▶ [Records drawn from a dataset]

# # # #

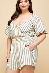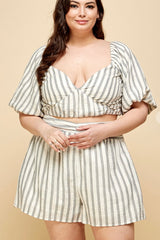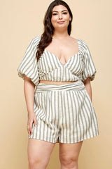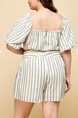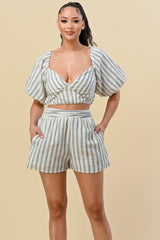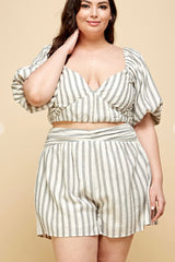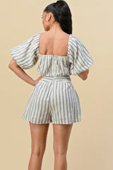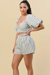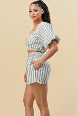 Do cotton stripes get any cuter than this? Short set with fitted waist band and back zipper closure on both shorts and top.
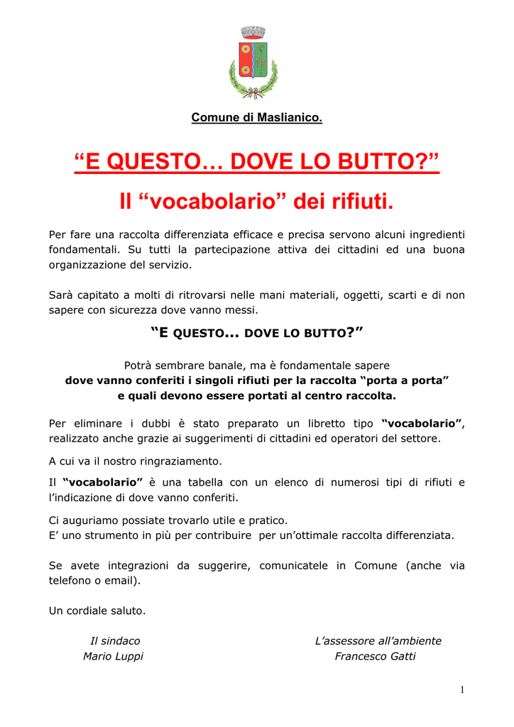 Dizionario Rifiuti - Comune di Maslianico
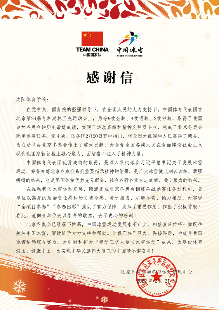 在2022年北京冬奥会上,中国体育代表团勇夺9枚金牌、4枚银牌、2枚铜牌,取得了我国参加冬奥会的最好成绩。在中国体育代表团收获的15枚奖牌中,包含了我校培养运动员获得的2金1银。同时,多年来我校以高度的政治责任感和历史使命感,勇于担当、尽职尽责,为实现中国体育代表团“全项目参赛”“参赛出彩”提供了有力保障,发挥了重要作用,作出了积极贡献。为此,国家体育总局冬季运动管理中心向我校发来感谢信。 新闻作者:党政办公室 责任编辑:全魁博 新闻日期:2022-02-22 点击:次
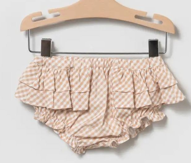 Conjunto de blusa blanca con estampado safari, cuello redondo con volante, mangas con volantes y botones en la parte delantera. Bloomer tostado de cuadro vichy con volantes.Modelo: 80374 Composición:  100% Algodón
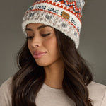 White, navy, orange, gray & taupe patterned hat Pairs w mittens M-401 Natural faux fur pom Fleece lined 100% Acrylic Min. Qty. 2
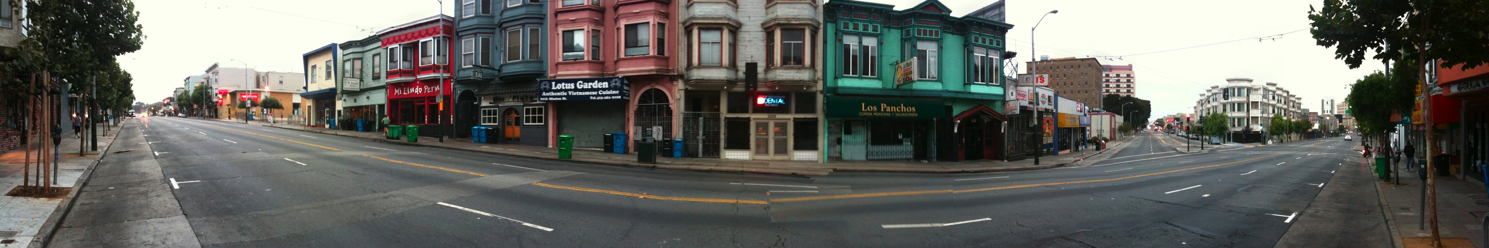 Mission at Valencia, 7 am, street cleaning day. Ghostly. More runners than cars in the heart of La Lengua.
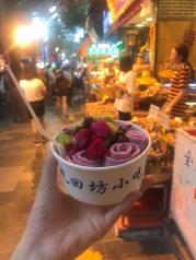 第一站,回民街美食篇。 下午养精蓄锐,休息到5,6点,感觉不那么热了才出门,结果依旧热得汗长淌!晚上去了钟鼓楼和回民街,人太多了,感觉不用自己动脚,就可以顺着人群往前流,而且回民街整体算是一个不通风的格局,一条长巷子,只要人一多,就热,再加上烧烤那些偏多,就弥漫着一股热浪。整个巷子其实东西就那些,但是胜在分店多和排队多,你会想到,这家排队太多,我再走走,去下家。吃的里面比较惊喜的是炒酸奶卷,口感丝滑柔顺,而且我一个不会喝酸奶的人竟然都觉得味道很好,但是价贵!!18块一份,很小一份,如果来都来了的话,买一份大家一起尝尝是必要的,但是人手一份的话是不明智的。
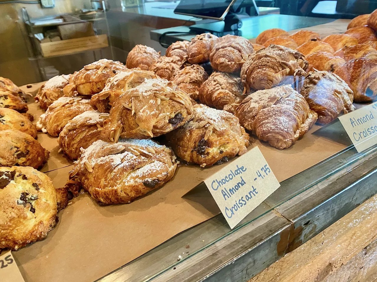 As for the food itself, all was great. A glazed cruller ($3) was not overly sweet and had a crisp exterior with a pore-riddled airy interior. A savory caramelized onion and white cheddar Danish ($4) was also spot-on and rich with flavor. The chocolate almond croissants ($4.75) are speckled with almond spears and powdered sugar that gather in lumps with pastry flakes on a plate below (or your lap).
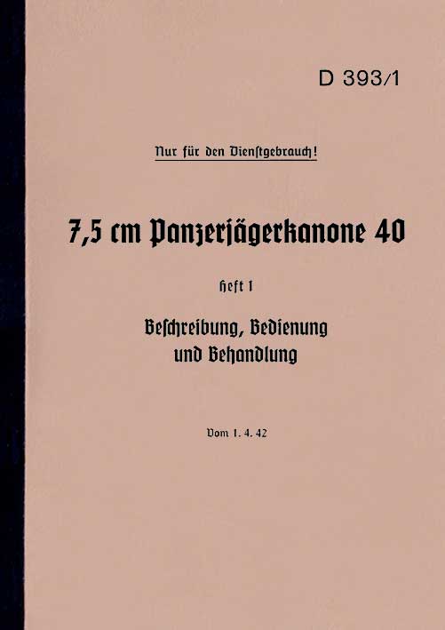 Artikelnummer: 2003931 Dienstvorschrift D 393/1 7,5 cm Panzerjägerkanone 40 Heft 1: Beschreibung, Bedienung und Behandlung Vom 1.04.1942 Format A5, 46 Seiten Dienstvorschriften der Wehrmacht sind eine hervorragende Informationsquelle für alle Modellbauer, Fahrzeugsammler und Restauratoren. Alles wird hier ausführlich beschrieben und ist bestens illustriert. Die kaum noch erhältlichen Originaldokumente wurden aufwändig nachbearbeitet und von Verschmutzungen, Rissen, Knicken, Flecken und anderen Spuren der vielen Jahre befreit, bevor der Nachdruck erfolgte. Zum Preis von nur 17,50 Euro hier bestellen! |
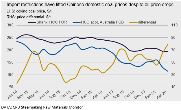 We have also not seen the immediate or full translation into domestic Chinese conditions from the weak seaborne market (i.e.) the import arbitrage is not closing due to Chinese import restrictions (even though Chinese imports were strong YTD April). This in turn is meaning that Chinese steel mills are currently facing higher domestically sourced fuel costs relative to their competitors outside of China.
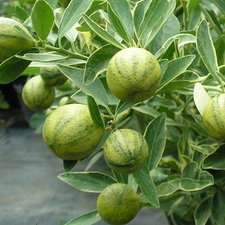A very ornate citrus with variegated, evergreen foliage and striped fruit. Has sweet, fragrant, white flowers with the fruit being juicy and thin skinned. Plant in a sunny position with fertile, moist but free-draining soil. May also be grown in containers. Protect from frost.
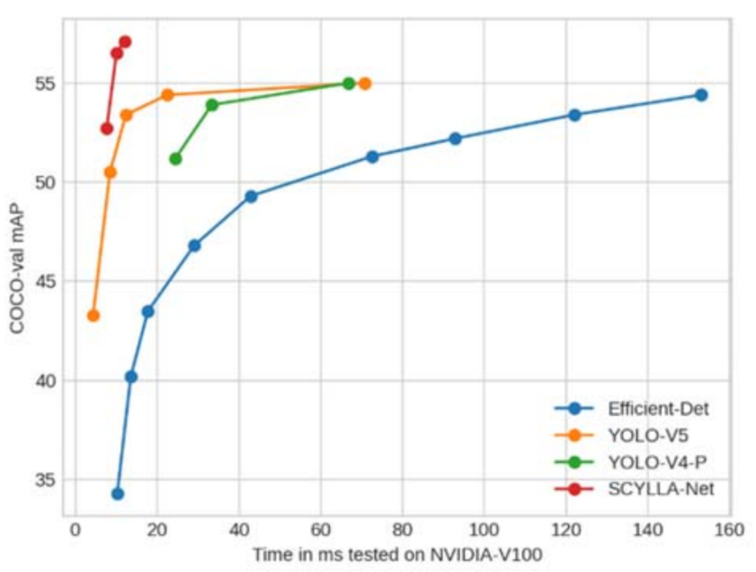 图 10 总结了不同模型与 mAP@0.5:0.95 的推理时间。显然,Scylla-Net 的 mAP 值较高,而模型推理时间远低于比较模型的推理时间。
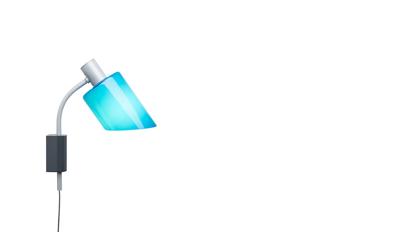 De la nécessité d’éclairer les visages reflétés dans le miroir d’un meuble conçu pour la célèbre verrerie française Boussois, Charlotte Perriand crée en 1965 la version murale de Lampe de Bureau. À l’intérieur du diffuseur, le blanc préserve la couleur naturelle de la lumière, tandis qu’à l’extérieur, les finitions du verre moulé translucide apparaissent pures et brillantes.
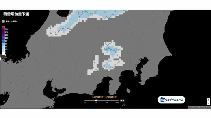 気象会社の「ウェザーニュース」の予測では、山地のみの積雪の予想です。
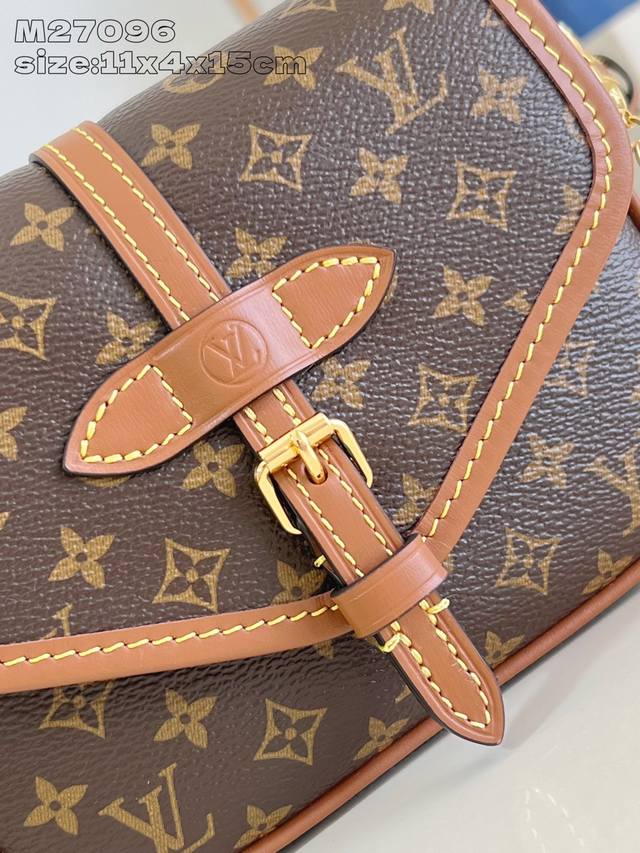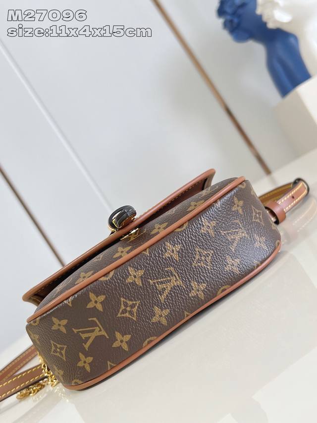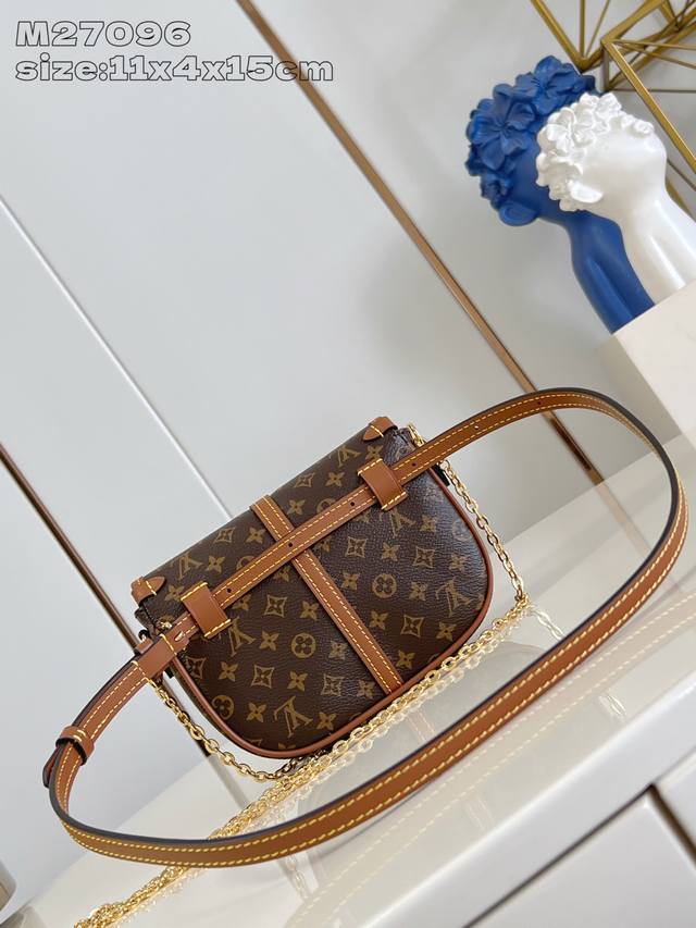 Factory Price: Premium Original M27096 Gemini. This Solo handbag features a combination of Monogram canvas and smooth cowhide leather, accented with a contrasting lining and a detachable metal chain, adding a trendy touch to your accessories. Perfectly sized for keys and coins, the detachable wide shoulder strap allows for shoulder, crossbody, or waist wear. 11.6 x 4 x 15.7 cm (H x W x L) (
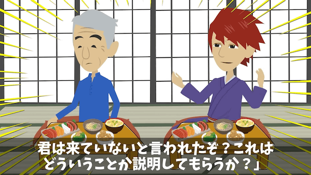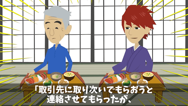 旅館に到着した先輩は、上司や社長から責められます。 上司は先輩に取り次いでもらうために取引先に連絡をしていたのですが、先輩はいないと言われていて…。
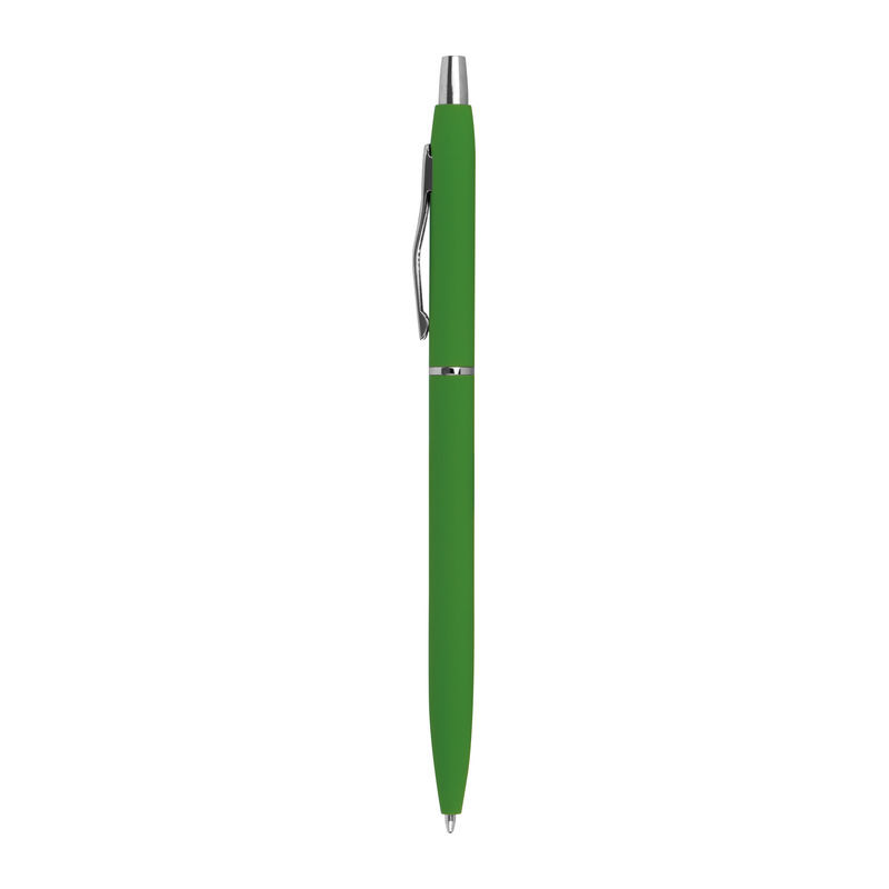 Vékony kivitelben készült nyomógombos, gumírozott fém golyóstoll, különböző színekben ezüst színű kiegészítőkkel és fekete betéttel.
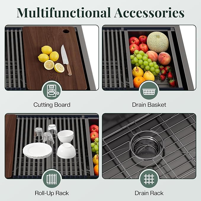 - Full Set of Accessories: Includes drying rack, roll-up rack, stainless basket, and cutting board. A fully equipped stainless steel kitchen sink workstation for washing, prepping, and organizing
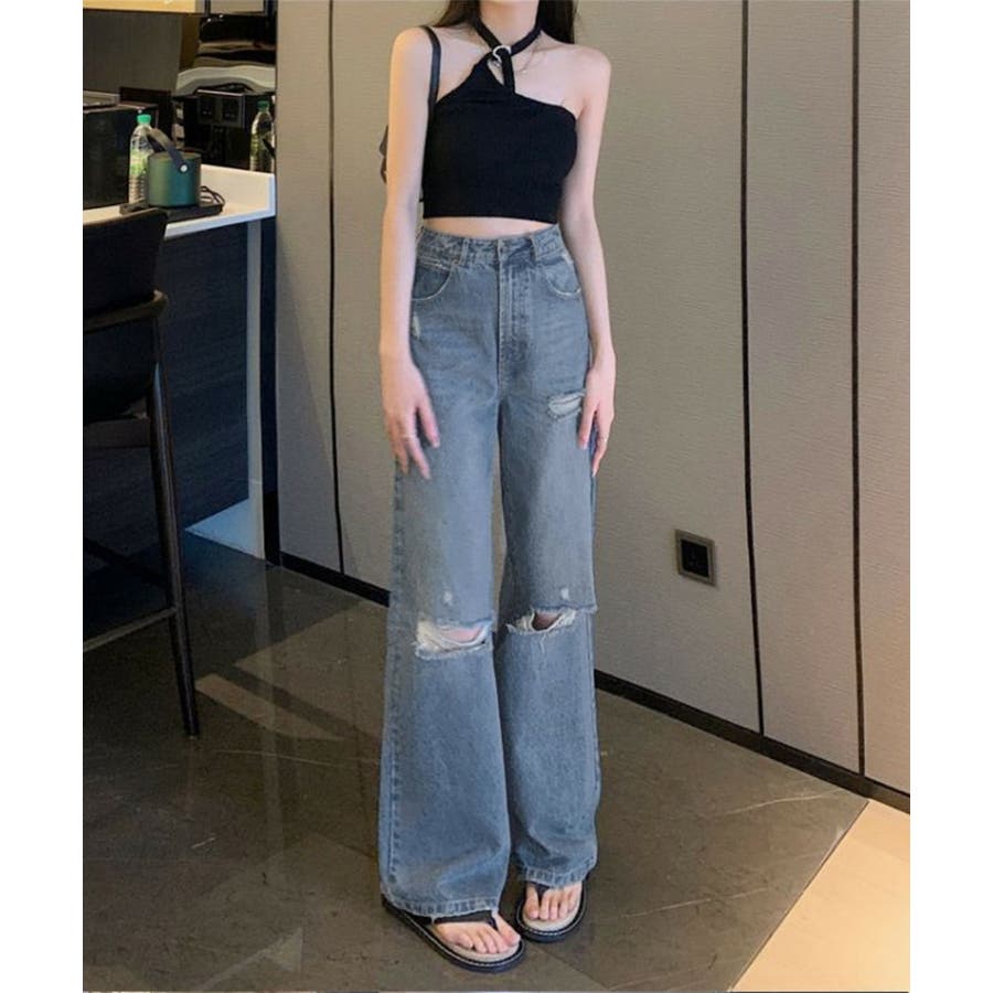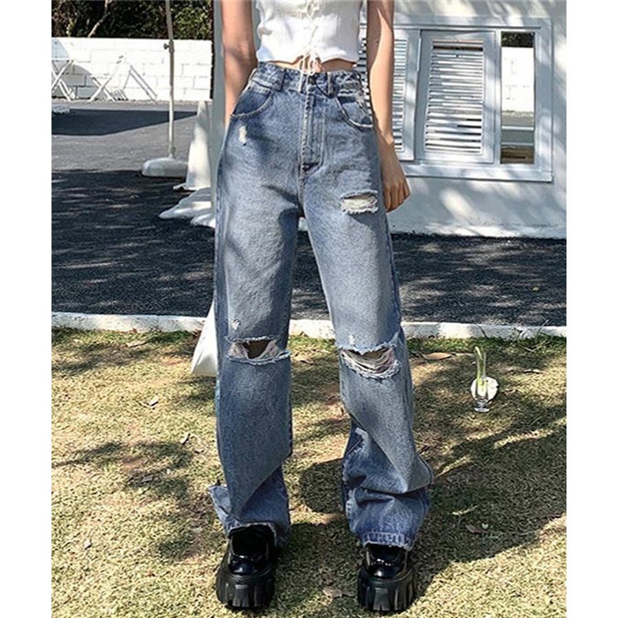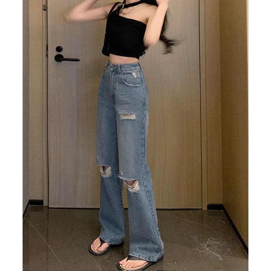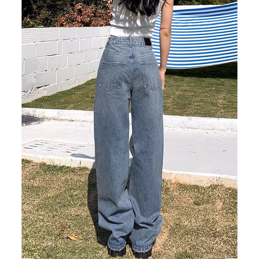 ハイウエスト ストレートデニム ホットガールスタイル アメカジジーパン カジュアルレトロジーンズ ロングズボン 美脚脚長

# # # #

▶ [THE TASK] With pictures excluded, reproduce exactly the lines above from the one containing "A very ornate" down to the one containing "图 10 总结了不同模型与", those two included.

▶ [RESPONSE TO THE EXERCISE]
A very ornate citrus with variegated, evergreen foliage and striped fruit. Has sweet, fragrant, white flowers with the fruit being juicy and thin skinned. Plant in a sunny position with fertile, moist but free-draining soil. May also be grown in containers. Protect from frost.
 图 10 总结了不同模型与 mAP@0.5:0.95 的推理时间。显然,Scylla-Net 的 mAP 值较高,而模型推理时间远低于比较模型的推理时间。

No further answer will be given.